Example retrieval output:

{
    "summary": "Most relevant memories: observation: Login still returns 401 after refresh token exchange | task: Fix login by tracing the refresh token path | file: auth.ts",
    "nodes": [
        {"id": "observation:login-still-returns-401-after-refresh", "type": "observation", "score": 0.82},
        {"id": "task:fix-login-by-tracing-the-refresh-token", "type": "task", "score": 0.78},
        {"id": "file:auth-ts", "type": "file", "score": 0.71},
    ],
    "chains": [
        ["observation:login-still-returns-401-after-refresh", "task:fix-login-by-tracing-the-refresh-token", "file:auth-ts"]
    ],
    "reasoning": "These nodes were selected because they matched the query, the active session, and the surrounding causal graph."
}

Real-world agent logs

state-trace can ingest released agent trajectories instead of only synthetic events.

from state_trace import MemoryEngine

engine = MemoryEngine(capacity_limit=256.0)
engine.store_agent_log_file("examples/data/agent_logs/marshmallow__marshmallow-1867.json")

result = engine.retrieve(
    "Which file fixed the 344 vs 345 milliseconds bug?",
    {"session": "swe-agent-marshmallow-1867", "repo": "marshmallow-code/marshmallow"},
)
print(result["nodes"][0]["content"])

Supported inputs:

  • normalized agent_log JSON fixtures
  • raw SWE-agent .traj files
  • raw OpenHands event JSON logs

Bulk log ingestion keeps explicit sequence, file, and error structure:

  • issue -> task node
  • action step -> decision node
  • raw command -> command node
  • targeted validation -> test node
  • touched identifiers -> symbol node
  • emitted failure signature -> error_signature node
  • submitted diff hunk -> patch_hunk node
  • command/test output -> observation node
  • raw step -> episode provenance node
  • edited or inspected files -> stable file anchors
  • precedes, causes, motivates, validates, verified_by, rejected_by, contradicts, solves, supersedes, and derived_from edges

The retrieval payload now also carries provenance for ranked nodes, so a caller can trace a returned file or observation back to the concrete episode(s) that produced it.

Vector DB Failure Modes

Run the small pinned-log benchmark:

python3 examples/real_world_agent_log_benchmark.py

The benchmark compares:

  • state-trace: typed nodes + edge-aware causal traversal + state-aware reranking
  • flat vector baseline: chunked log text + cosine top-k retrieval

On the pinned real-world trajectories in examples/data/agent_logs, the graph engine wins on rank-1 actionability:

  • Marshmallow TimeDelta bug: graph returns src/marshmallow/fields.py first; the vector baseline returns the issue chunk first because it contains all the right tokens but not the actionable artifact.
  • Pydicom PixelRepresentation bug: graph returns pydicom/pixel_data_handlers/numpy_handler.py first and also surfaces the failing AttributeError observation; the vector baseline ranks the issue text and edit-noise chunks ahead of the patch target.

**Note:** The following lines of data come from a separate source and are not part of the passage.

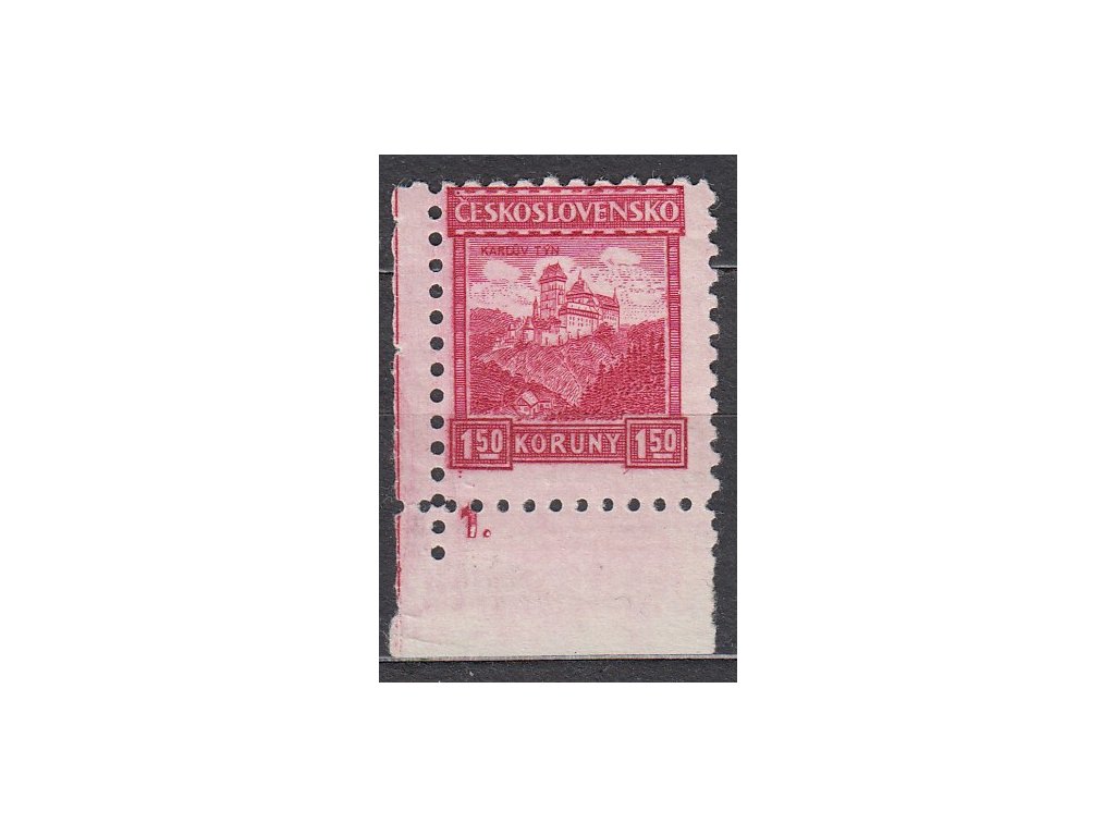 Poštovní známka 1.50Kč Karlštejn, rohový kus s DČ 1 - lep bez pruhů, zk.Vrba, Nr.220a, **
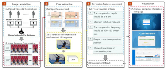 In order to evaluate the quality of CCs, this paper estimates the human pose in a two-dimensional (2D) image by applying OpenPose. By analyzing the motion features of crucial parts of the human body, this paper assesses the depth, frequency, position, chest rebound and elbow straightness of compression postures. As shown in Figure 2, the system architecture consists of four stages: image acquisition, pose estimation, essential motion feature assessment and quality evaluation. The details of each step are introduced below.
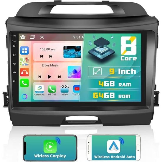 Sécurité et Commodité : Radio Android pour Kia sportage est équipée d'une caméra arrière. Kia Sportage Accessories Autoradio GPS Kia Sportage De 2010 à 2016 - Carplay & Android ⇒ Acheter En Ligne Carpodgo T3 Pro 1 GPS 2 FM/RDS/EQ 3 Bluetooth Nos autoradio GPS CARPLAY Kia Sportage s'intègrent parfaitement à votre tableau de bord avec un résultat comme d'origine. Branchement simple et facile grâce au connecteur d'origine fourni. Nos appareils sont rigoureusement sélectionnés afin de vous offrir la meilleure qualité au meilleur prix Performances et Stockage Puissants : Carplay voiture pour Kia sportage équipé d'Android 15, d'un processeur 4 cœurs, de 4 Go de RAM et de 128 Go de stockage, cet autoradio offre des performances rapides et stables. Exécutez plusieurs applications, stockez des cartes et téléchargez des médias sans ralentissement. 8-Core/6 128GB] Hikity 9 Pouces Android Autoradio pour Kia Sportage... La prise en charge de Mirror Link filaire + sans fil garantit la compatibilité avec une large gamme de smartphones Écran Tactile In-Cell haut de gamme : Profitez d'un contrôle ultra-réactif et d'un affichage cristallin grâce à notre écran In-Cell 1280×720 pour Kia sportage 2010 2011 2012 2013 2014 2015 2016, qui réduit les reflets et améliore la sensibilité tactile pour une navigation plus fluide, des réglages plus précis et un plaisir multimédia accru Audio Améliorés et Personnalisation : Affinez votre expérience d'écoute grâce aux réglages d'égalisation et à la radio FM/RDS, qui garantissent un son cristallin et un accès facile à vos stations préférées. Kia Sportage | 2010-2016 | Android 14 Autoradio | Apple CarPlay | Android Auto Une fois connecté, accédez à la navigation, aux appels, aux messages et à la musique directement sur l'autoradio, tout en gardant les mains sur le volant. La compatibilité avec les commandes au volant (SWC) ajoute une touche de commodité pour une conduite en toute sécurité

This is the key difference: vector search can retrieve text that mentions the answer, while causal memory retrieves the artifact and the causal path around it.

For a broader offline evaluation over released SWE-agent patch trajectories:

python3 examples/offline_retrieval_eval.py

This compares four retrieval styles:

  • bm25: flat lexical chunk retrieval
  • dense_cosine: local dense-style cosine retrieval over chunk embeddings
  • hybrid: lexical + dense chunk reranking
  • state-trace: typed nodes + edge-aware causal traversal + state-aware reranking

Current results on the local SWE-agent checkout at /tmp/SWE-agent:

12 patch trajectories, 4 unique tasks

The benchmark output uses state_trace as the model label because it mirrors the Python package identifier.

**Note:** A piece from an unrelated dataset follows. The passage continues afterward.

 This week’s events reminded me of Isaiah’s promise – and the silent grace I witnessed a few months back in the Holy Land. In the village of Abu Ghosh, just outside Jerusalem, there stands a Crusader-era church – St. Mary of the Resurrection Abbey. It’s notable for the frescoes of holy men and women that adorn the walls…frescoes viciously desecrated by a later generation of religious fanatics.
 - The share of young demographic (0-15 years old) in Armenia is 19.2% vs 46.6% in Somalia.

Model Recall@1 Recall@3 Recall@5 MRR Artifact@1
bm25 0.750 1.000 1.000 0.875 0.000
dense_cosine 0.375 1.000 1.000 0.688 0.000
hybrid 0.750 1.000 1.000 0.875 0.000
state_trace 1.000 1.000 1.000 1.000 1.000

Interpretation:

  • Flat chunk retrievers often find text that mentions the patch file somewhere in the log, so their mention-level recall can look strong.
  • They still fail on Artifact@1: the top result is usually the issue chunk or an explanatory chunk, not the actual file node an agent should act on.
  • state-trace is the only system here that consistently returns the actionable artifact itself at rank 1 while preserving the surrounding causal chain.

Graphiti Gap Analysis

If you compare this repo to Graphiti, the right framing is not "replace Graphiti everywhere." Graphiti is the stronger general-purpose open-source temporal context graph for AI agents. The better bet for state-trace is a narrower wedge: bounded working memory for coding/debugging agents.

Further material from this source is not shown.